**Source material:**
╭──

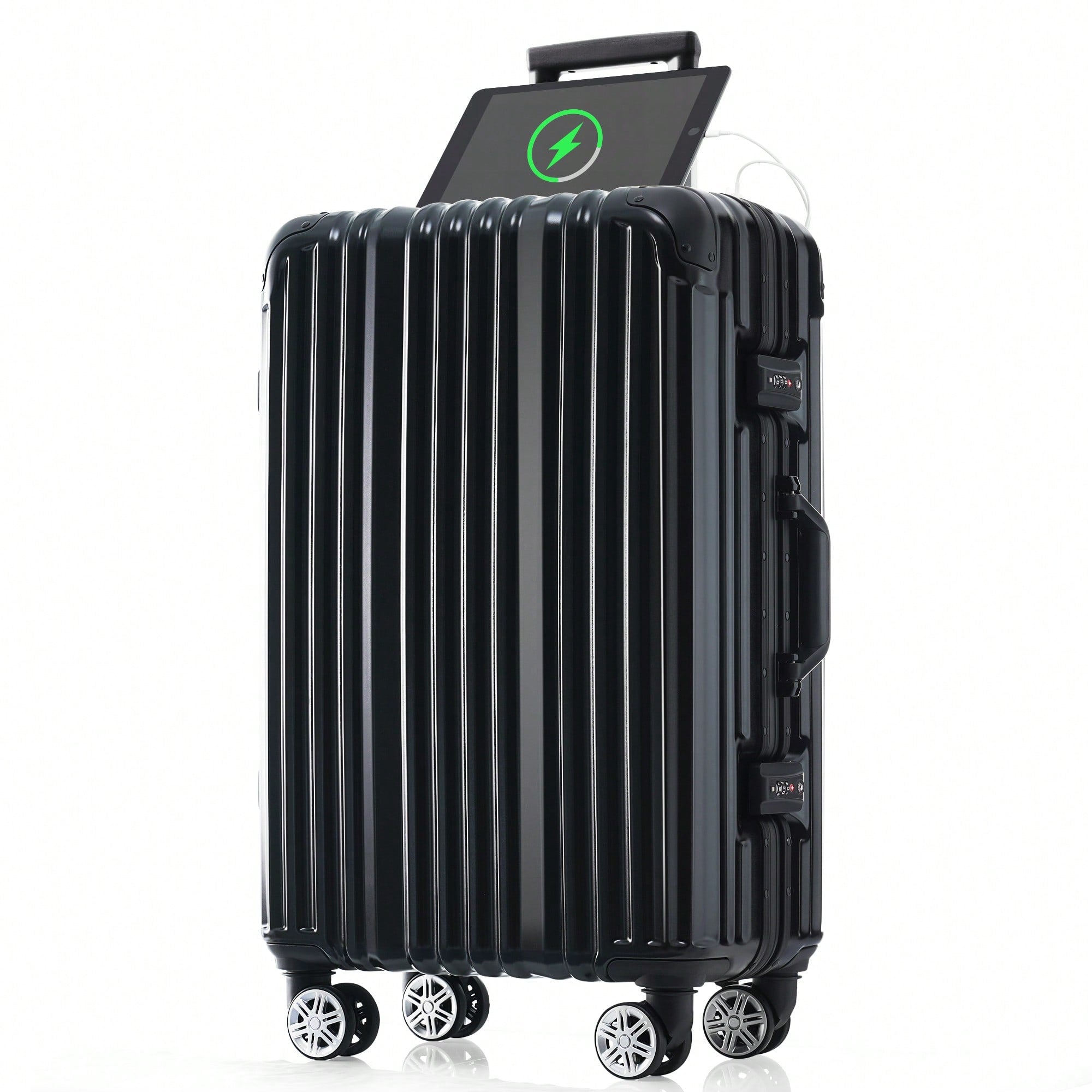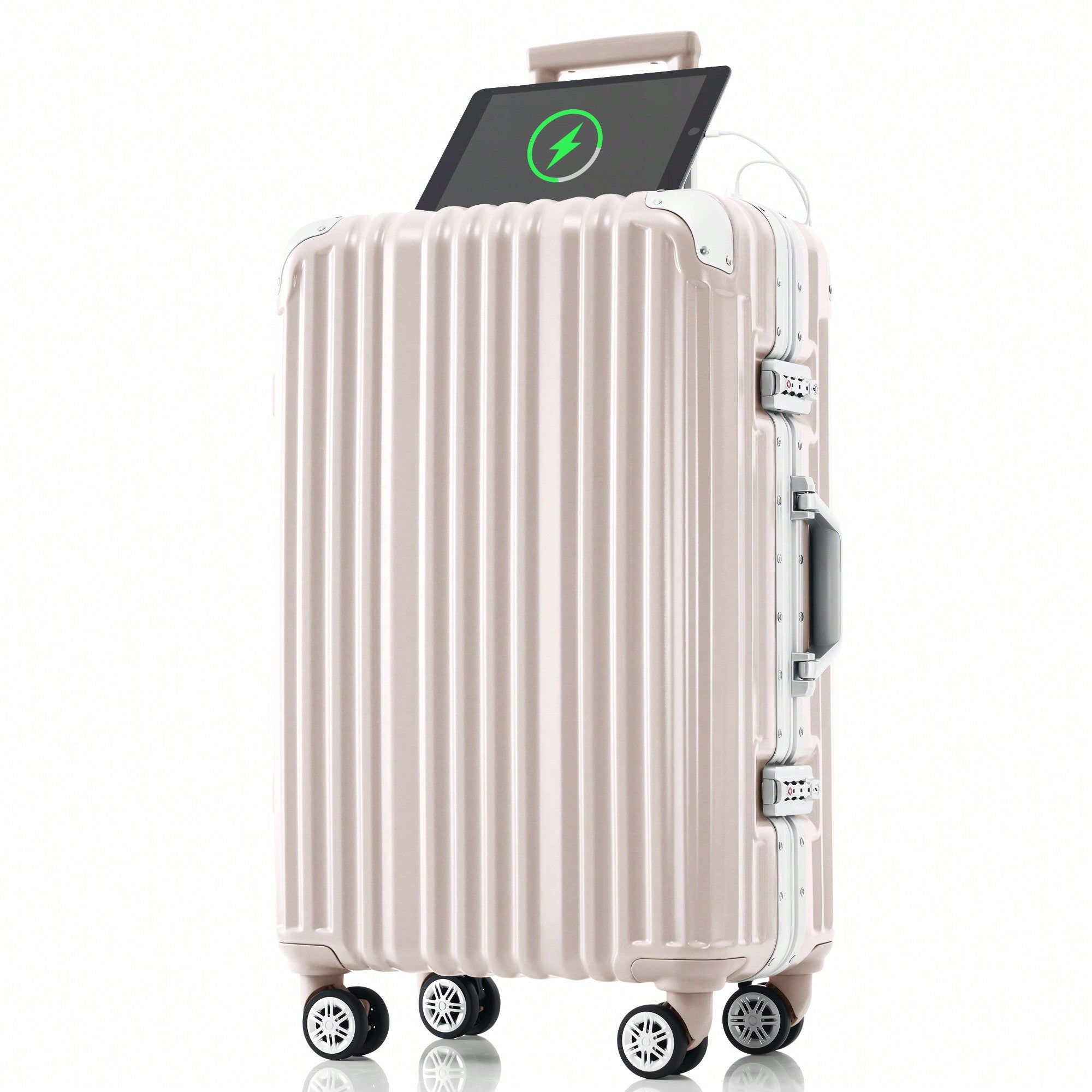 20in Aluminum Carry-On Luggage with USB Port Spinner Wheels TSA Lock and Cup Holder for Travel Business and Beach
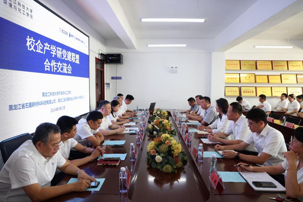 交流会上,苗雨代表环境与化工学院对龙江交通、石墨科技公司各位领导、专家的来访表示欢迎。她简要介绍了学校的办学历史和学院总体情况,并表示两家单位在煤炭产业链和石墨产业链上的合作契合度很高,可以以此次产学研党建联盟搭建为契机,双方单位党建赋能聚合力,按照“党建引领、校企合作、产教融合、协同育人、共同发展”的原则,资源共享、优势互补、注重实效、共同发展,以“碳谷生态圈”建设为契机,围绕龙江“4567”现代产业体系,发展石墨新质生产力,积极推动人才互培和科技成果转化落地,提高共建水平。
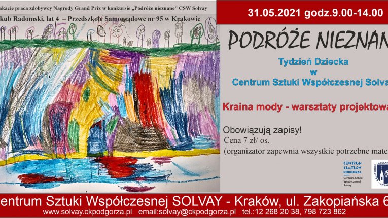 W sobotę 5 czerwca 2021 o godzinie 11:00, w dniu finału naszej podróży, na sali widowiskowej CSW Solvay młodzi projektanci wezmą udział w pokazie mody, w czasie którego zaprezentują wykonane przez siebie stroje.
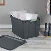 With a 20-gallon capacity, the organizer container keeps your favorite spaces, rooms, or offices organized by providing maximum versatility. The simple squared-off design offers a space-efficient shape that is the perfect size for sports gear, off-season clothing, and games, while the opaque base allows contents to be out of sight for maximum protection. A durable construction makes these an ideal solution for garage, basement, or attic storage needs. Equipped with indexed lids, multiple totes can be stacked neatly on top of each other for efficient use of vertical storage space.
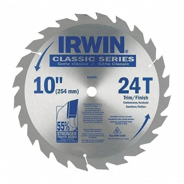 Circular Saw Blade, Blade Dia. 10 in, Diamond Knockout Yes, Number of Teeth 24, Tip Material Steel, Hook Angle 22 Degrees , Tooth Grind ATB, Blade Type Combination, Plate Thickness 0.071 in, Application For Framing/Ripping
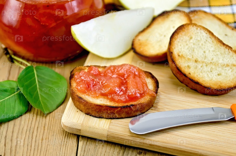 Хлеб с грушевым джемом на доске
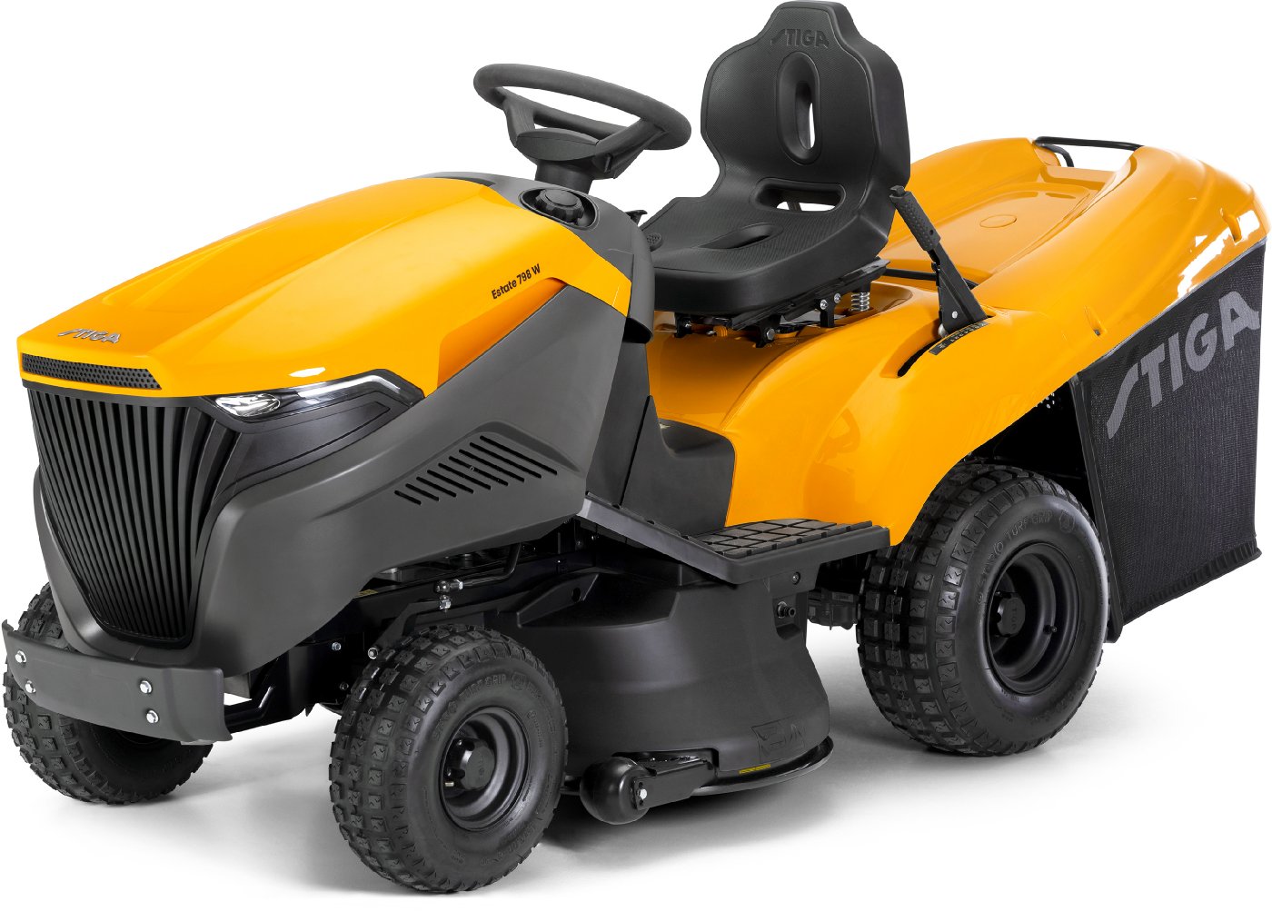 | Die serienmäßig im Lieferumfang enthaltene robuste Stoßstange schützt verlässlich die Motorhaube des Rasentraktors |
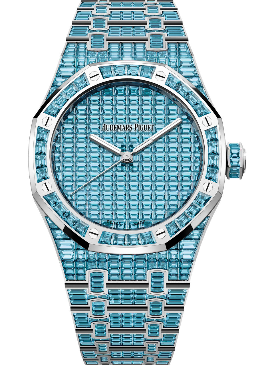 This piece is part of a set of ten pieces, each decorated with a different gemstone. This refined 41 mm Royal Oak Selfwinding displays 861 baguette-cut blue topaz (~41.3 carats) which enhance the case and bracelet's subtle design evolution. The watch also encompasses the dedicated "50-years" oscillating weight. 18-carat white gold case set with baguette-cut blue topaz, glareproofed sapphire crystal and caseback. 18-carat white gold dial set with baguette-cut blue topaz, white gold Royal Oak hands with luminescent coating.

╰──

**Exercise brief:** A verbatim reproduction of each entry is expected, with every picture omitted.

**Answer box:**
 20in Aluminum Carry-On Luggage with USB Port Spinner Wheels TSA Lock and Cup Holder for Travel Business and Beach
 交流会上,苗雨代表环境与化工学院对龙江交通、石墨科技公司各位领导、专家的来访表示欢迎。她简要介绍了学校的办学历史和学院总体情况,并表示两家单位在煤炭产业链和石墨产业链上的合作契合度很高,可以以此次产学研党建联盟搭建为契机,双方单位党建赋能聚合力,按照“党建引领、校企合作、产教融合、协同育人、共同发展”的原则,资源共享、优势互补、注重实效、共同发展,以“碳谷生态圈”建设为契机,围绕龙江“4567”现代产业体系,发展石墨新质生产力,积极推动人才互培和科技成果转化落地,提高共建水平。
 W sobotę 5 czerwca 2021 o godzinie 11:00, w dniu finału naszej podróży, na sali widowiskowej CSW Solvay młodzi projektanci wezmą udział w pokazie mody, w czasie którego zaprezentują wykonane przez siebie stroje.
 With a 20-gallon capacity, the organizer container keeps your favorite spaces, rooms, or offices organized by providing maximum versatility. The simple squared-off design offers a space-efficient shape that is the perfect size for sports gear, off-season clothing, and games, while the opaque base allows contents to be out of sight for maximum protection. A durable construction makes these an ideal solution for garage, basement, or attic storage needs. Equipped with indexed lids, multiple totes can be stacked neatly on top of each other for efficient use of vertical storage space.
 Circular Saw Blade, Blade Dia. 10 in, Diamond Knockout Yes, Number of Teeth 24, Tip Material Steel, Hook Angle 22 Degrees , Tooth Grind ATB, Blade Type Combination, Plate Thickness 0.071 in, Application For Framing/Ripping
 Хлеб с грушевым джемом на доске
 | Die serienmäßig im Lieferumfang enthaltene robuste Stoßstange schützt verlässlich die Motorhaube des Rasentraktors |
 This piece is part of a set of ten pieces, each decorated with a different gemstone. This refined 41 mm Royal Oak Selfwinding displays 861 baguette-cut blue topaz (~41.3 carats) which enhance the case and bracelet's subtle design evolution. The watch also encompasses the dedicated "50-years" oscillating weight. 18-carat white gold case set with baguette-cut blue topaz, glareproofed sapphire crystal and caseback. 18-carat white gold dial set with baguette-cut blue topaz, white gold Royal Oak hands with luminescent coating.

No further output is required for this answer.